NO. However, to enjoin enforcement of the decision of the NLRC which is final and executory, under
Rule 65, you have to apply for the issuance of a TRO and eventually a writ of injunction. There is no way of
preventing the decision of the NLRC from becoming final and executory except by the filing of MOTION FOR
RECONSIDERATION within the prescribed period of 10 days. Since the motion for reconsideration has been
denied, the decision will have to become final and executory and subject to execution. There is no more
appeal from that decision but there is a Special Civil Action [Certiorari] on the ground of grave abuse of
discretion. To prevent execution of the decision, the aggrieved party can apply for the issuance of a
Temporary Restraining Order.

If you apply for a TRO, for how many days will it be valid?
60 days. If issued by RTC, 20 days.

Can it be extended?
NO.

 Note that a Special Civil Action is an original action and the RTC, CA and SC have concurrent and original
jurisdiction. However, always follow the principle of HIERARCHY OF COURTS. At this stage where the
NLRC decision is the subject of the certiorari, the RTC does not have jurisdiction because the RTC is of the
same level as the NLRC and the LA is of the same level as the lower courts.

 LEGAL FORM 

Before the LA:


JUAN DE LA CRUZ (COMPLAINANT)
VS
SHOEMART (RESPONDENT)

If both parties appeal:


JUAN DE LA CRUZ (COMPLAINANT-APPELLANT)
VS
SHOEMART (RESPONDENT-APPELLANT)

If SM files a Petition for Certiorari:


SHOEMART (PETITIONER)
VS
JUAN DE LA DRUZ (PRIVATE RESPONDENT)
AND NLRC (PUBLIC RESPONDENT)

- In a certiorari case under Rule 65, there is a need to identify or implead the public respondent
because the petitioner imputes grave abuse of discretion.
- The petition will again be docketed by the CA
- From the NLRC, you should file it directly to the CA because it is an original action.
- The petition should be copy-furnished the other party.
- The NLRC is represented by the OFFICE OF THE SOLICITOR-GENERAL located in Amorsolo,
Makati City.
- Once the petition is filed before the CA, it will require the respondent to file a COMMENT.
The OSG will file the comment for NLRC. The private respondent will also file a comment.
- Thereafter the CA will determine if there is a need for the petitioner to file a REPLY TO THE
COMMENT, ordinarily within an extendible period of 10 days.
 141

- If the CA gives due course to the petition, the CA will require BOTH parties to file their
respective MEMORANDA which is akin to a position paper which summarizes their respective
claims and allegations.
- Thereafter, the case shall be submitted for decision by the CA without prejudice to the prayer
for injunctive writ (TRO or WPI).

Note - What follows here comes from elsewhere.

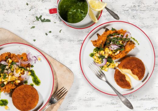 Panada in einer beschichteten Bratpfanne mit wenig Öl bei mittlerer Hitze beidseitig je ca. 3 Minuten braten. Gemüse aus dem Ofen nehmen. Maiskörner vom Kolben schneiden. Süsskartoffeln mit einer Gabel zerdrücken, auf Teller verteilen. Zwiebel in feine Schnitzchen schneiden. Mais und Zwiebelschnitzchen darauf verteilen. Panada neben dem Süsskartoffelstampf anrichten. Kräuteröl darüberträufeln.

If the CA believes that the case is meritorious, the CA will
make the TRO permanent.

From the CA, is there still a Motion For Reconsideration?

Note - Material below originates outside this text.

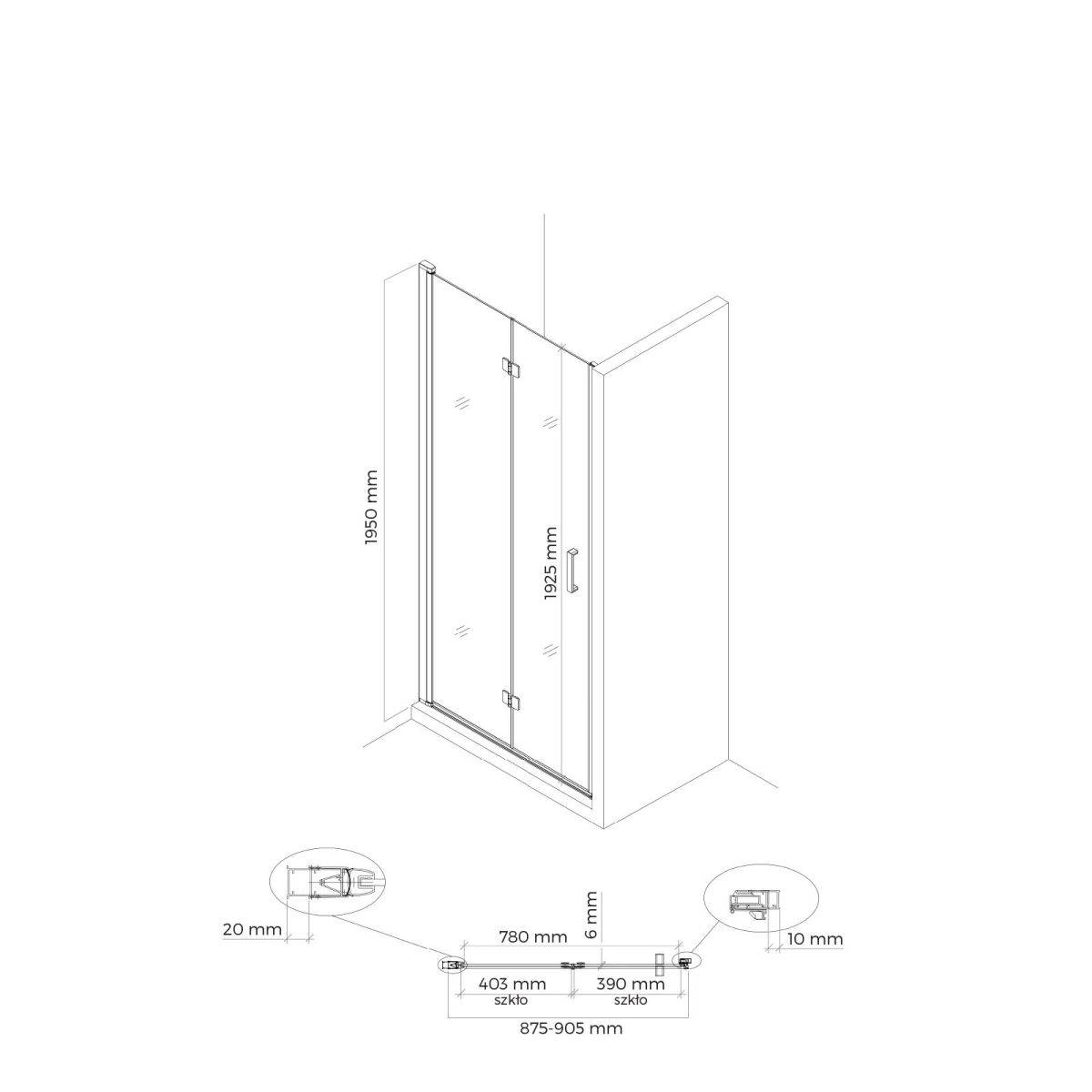 - tatsächliche Abmessungen bei Einbau in eine Nische: 87,5-90,5 cm

YES. To be filed within 15 days, which the CA may either grant or deny.

From the CA, is there a remedy?


YES. Appeal by Certiorari under Rules 45 of the Rules of Court to be filed within 15 days from
receipt of the decision of the CA on the ground of pure questions of law. If is involves the application of the
rules or the law, it is a “question of law”.

 The SC is not a trier of facts but factual findings of the SC may be reviewed in exceptional cases.

Will the Appeal by Certiorari under Rule 45 prevent the decision of the CA from becoming final
and executory?
It will become final and executory. But if you file an appeal by certiorari under Rule 45 within the
prescribed period, the decision of the CA will be stayed.

 LEGAL FORM 

If the CA reverses NLRC decision, the caption of the appeal by certiorari under Rule 45 to the SC
shall read:

JUAN DE LA CRUZ (PETITIONER)


VS
SHOEMART (RESPONDENT)

 We do not need to implead the CA as respondent. This is found in Rule 45 Section 4.